Evaristo é um menino de 13 anos de idade. Acompanhado dos seus dois irmãos mais novos, conta que recolhe e vende plástico para garantir o sustento da família.
“Viemos procurar plástico para vender. Basta pesar um quilo e nos vão pagar 100 Kwanzas [menos de um euro]. Com o dinheiro que ganhamos compramos comida”, relata o petiz.
Fuga à responsabilidade
Sobre a fuga à paternidade, o jurista e docente universitário Augusto Tomás defende maior contundência das instituições de direito na resolução do problema.
“É pertinente que as instituições sociais sejam mais contundentes a agirem positivamente contra este mal”, considera.
Augusto Tomás apela aos pais e encarregados de educação “a tomarem maior atenção, cumprindo com as suas obrigações, prestando alimentos aos petizes – sem se esquecer do Estado que, como um ente coletivo, tem a obrigação devida, pelo que se lhe apela a criar melhores condições e melhoramento das políticas sociais, por forma a mitigar paulatinamente este mal”.
Crianças a viver na rua
A província angolana do Moxico tem apenas um centro social de reintegração, o Lar Ana Jetu pertencente à Igreja Católica, que acolhe crianças e adolescentes abandonados.

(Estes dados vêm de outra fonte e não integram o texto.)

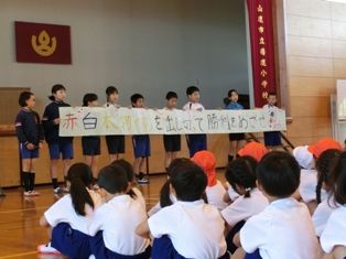 朝の活動の時間に運動会の結団式を行いました。最初に運営委員の子どもたちが本年度の運動会のテーマ「赤白本物の力を出し切って勝利をめざせ!」を発表し、その後、赤団、白団毎に応援団長、リーダーの自己紹介を行いました。最後は、大きな声で気合いを入れて終わりました。本物の力を練習の時から発揮して、本番では、演技や競技、係の仕事、応援に頑張り、さすが菊鹿小の子どもたちだ!と言われるような姿を見せて欲しいと思います。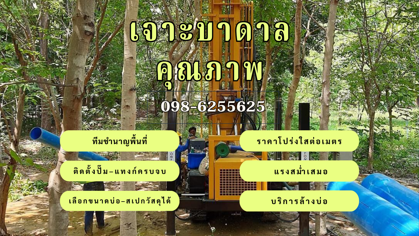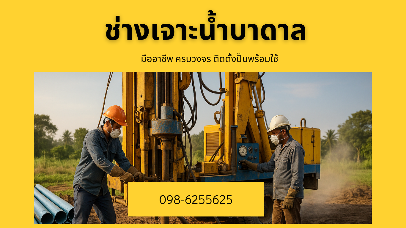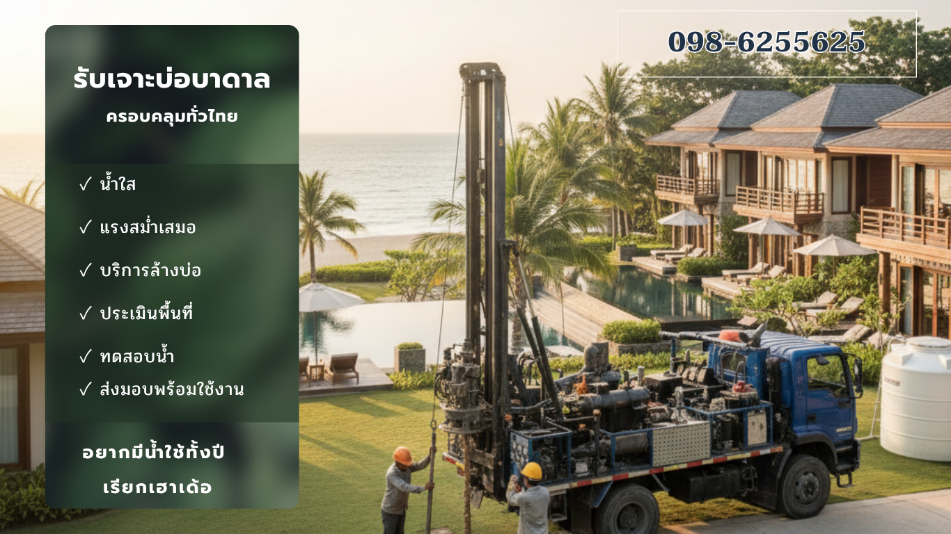 | 4 นิ้ว | บ้านพัก/น้ำใช้ทั่วไป | 1,200–1,800 | รวมค่าเจาะ ยังไม่รวมท่อกรุ/สแลท/ทราย/ปั๊ม |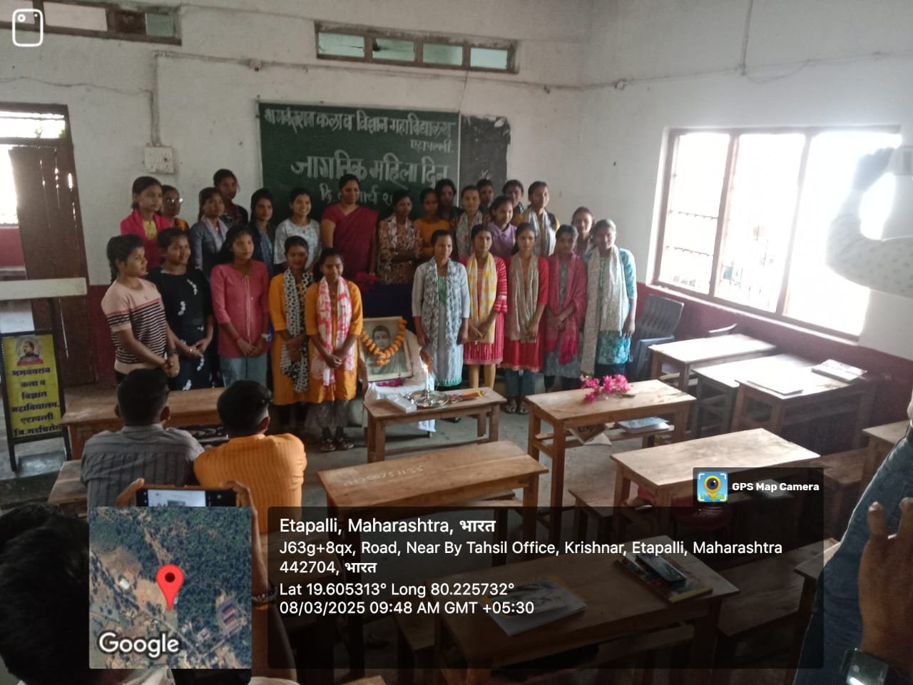 *_एटापल्ली:-_* गोंडवाना विद्यापीठ गडचिरोली संलग्नित भगवंतराव कला व विज्ञान महाविद्यालय एटापल्ली जि. गडचिरोली येथे सांस्कृतिक विभाग व राष्ट्रीय सेवा योजना विभागामार्फत जागतिक महिला दिन साजरा करण्यात आला.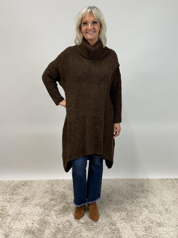 Melody är en lurvig långtröja med polokrage och med omlott fram.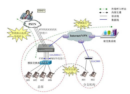 產(chǎn)品概述 終端EIA2004C+接入設(shè)備、提供4個(gè)Link口接PSNT線路, 4個(gè)FXS接普通話機(jī), 可享受VOIP的低廉的資費(fèi), 優(yōu)質(zhì)語(yǔ)音,支持?jǐn)嗑W(wǎng)斷電不影響正常通話業(yè)務(wù), 通過(guò)PSTN出局自動(dòng)增加" IP "接入號(hào), 同時(shí)提供1個(gè)WAN口,1個(gè)LAN口,允許企業(yè)、辦公室或家庭中多臺(tái)PC共享1條ADSL線路、一個(gè)Internet ISP賬戶上網(wǎng),內(nèi)置的1個(gè)交換端口方便您上網(wǎng)服務(wù)。 EIA2004C+提供多方面的管理功能, 可對(duì)DHCP服務(wù)器、DMZ主機(jī)、靜態(tài)路由表、DNS、Tunnel( 隧道)端口映射等進(jìn)行管理, 同時(shí)提供全中文Web配置界面,用戶界面友好, 配置簡(jiǎn)單易用, 支持軟件升級(jí), 是一款能讓您同時(shí)體驗(yàn)語(yǔ)音和上網(wǎng)沖浪的首選產(chǎn)品。 產(chǎn)品特點(diǎn) ? 支持T.38實(shí)時(shí)傳真,可以連續(xù)傳多頁(yè)紙,傳真清晰度高。 ? 支持主叫號(hào)碼、拍叉(用#代替)、呼叫轉(zhuǎn)移、熱線電話、FXS端口權(quán)限等多種實(shí)用的電話業(yè)務(wù)。 ? 話音質(zhì)量好,可以與普通PSTN話音相媲美.支持標(biāo)準(zhǔn)編碼如G.711、G.729A、G.723.1支持動(dòng)態(tài)抖動(dòng)緩 沖管理、回波抵消包補(bǔ)償技術(shù)、語(yǔ)音激活檢測(cè)技術(shù)VAD和舒適背景音生成(CNG)。 ? 支持802.1q和802.1p, 可以設(shè)置語(yǔ)音數(shù)據(jù)流的業(yè)務(wù)優(yōu)先級(jí)和VLAN標(biāo)簽, 大幅提高業(yè)務(wù)的保護(hù)能力。 ? 內(nèi)置智能語(yǔ)音評(píng)判專家,在網(wǎng)絡(luò)狀況變差導(dǎo)致VoIP語(yǔ)音質(zhì)量下降時(shí),能自動(dòng)把呼叫路由到企業(yè)原PSTN 線路。 ? 撥號(hào)規(guī)則簡(jiǎn)單靈活,與企業(yè)原有的傳統(tǒng)PBX電話互通性好,完全繼承傳統(tǒng)電話使用習(xí)慣。 ? 支持對(duì)VoIP與PSTN的呼叫比率進(jìn)行控制,平衡VoIP運(yùn)營(yíng)商與企業(yè)原PSTN運(yùn)營(yíng)商之間的利益沖突。 ? 可以自動(dòng)對(duì)長(zhǎng)途呼叫添加類似17909的IP接入號(hào)。 ? 支持PPP/PPPOE,DHCP Client, PPPoE中斷后能自動(dòng)重?fù)堋?/FONT> ? 提供WEB圖形配置界面, 對(duì)設(shè)備進(jìn)行本地配置, 操作管理、配置方法都非常簡(jiǎn)單。 ? 通過(guò)串口或Telnet方式, 可以對(duì)設(shè)備進(jìn)行本地或遠(yuǎn)程監(jiān)控、診斷。 ? 支持軟件自動(dòng)升級(jí)功能. EIA設(shè)備升級(jí)軟件時(shí), 不影響用戶的正常業(yè)務(wù)。 產(chǎn)品規(guī)格 尺寸(長(zhǎng)×寬×高,單位:mm) | 222×215×36 | 重量(單位:kg) | 1.2 | 工作溫度(單位:℃) | 0~40 | 存儲(chǔ)溫度(單位:℃) | -20~70 | 工作濕度 | 10%~90% | 功率(單位:W) | 10 | 外置電源適配器 | 支持 | 電源輸入 | 220VAC/50Hz/0.5A | 外置電源輸出 | 12VDC/1.0A | 逃生FXO端口數(shù)目 | 4 | 產(chǎn)品規(guī)格 | 4S | 傳真支持 | 支持 | FXS反極信號(hào)發(fā)送 | 支持 | 斷電逃生 | 支持 | 電話接口雷擊保護(hù) | 10/700,4000V | 網(wǎng)絡(luò)接口 | 10/100BASE-TX | WAN口數(shù)目 | 1 | LAN口數(shù)目 | 1 |

O centro tem capacidade para cerca de 150 pessoas, mas alberga atualmente 19 crianças por falta de camas e outros meios. O coordenador Francisco Viegas revela que só na cidade de Luena cerca de 300 crianças vivem na rua.
“Se a Igreja Católica não pusesse sempre a mão, este lar desapareceria”, afirma.
Indignado e incrédulo, o sociólogo João Pedro considera a situação “uma lástima e uma vergonha para a província do Moxico”.
“Sendo uma das províncias mais populosas de Angola, com tantas crianças abandonadas, não é concebível que tenha apenas um lar de acolhimento. O Executivo angolano deve criar centros de acolhimento e reintegração das crianças e adolescentes desfavorecidas, bem como implementar o subsídio de desemprego para que os pais não se refutem das suas responsabilidades por falta de meios financeiros“, conclui.
A DW África solicitou uma reação ao Instituto Nacional da Criança, mas o responsável não aceitou prestar declarações.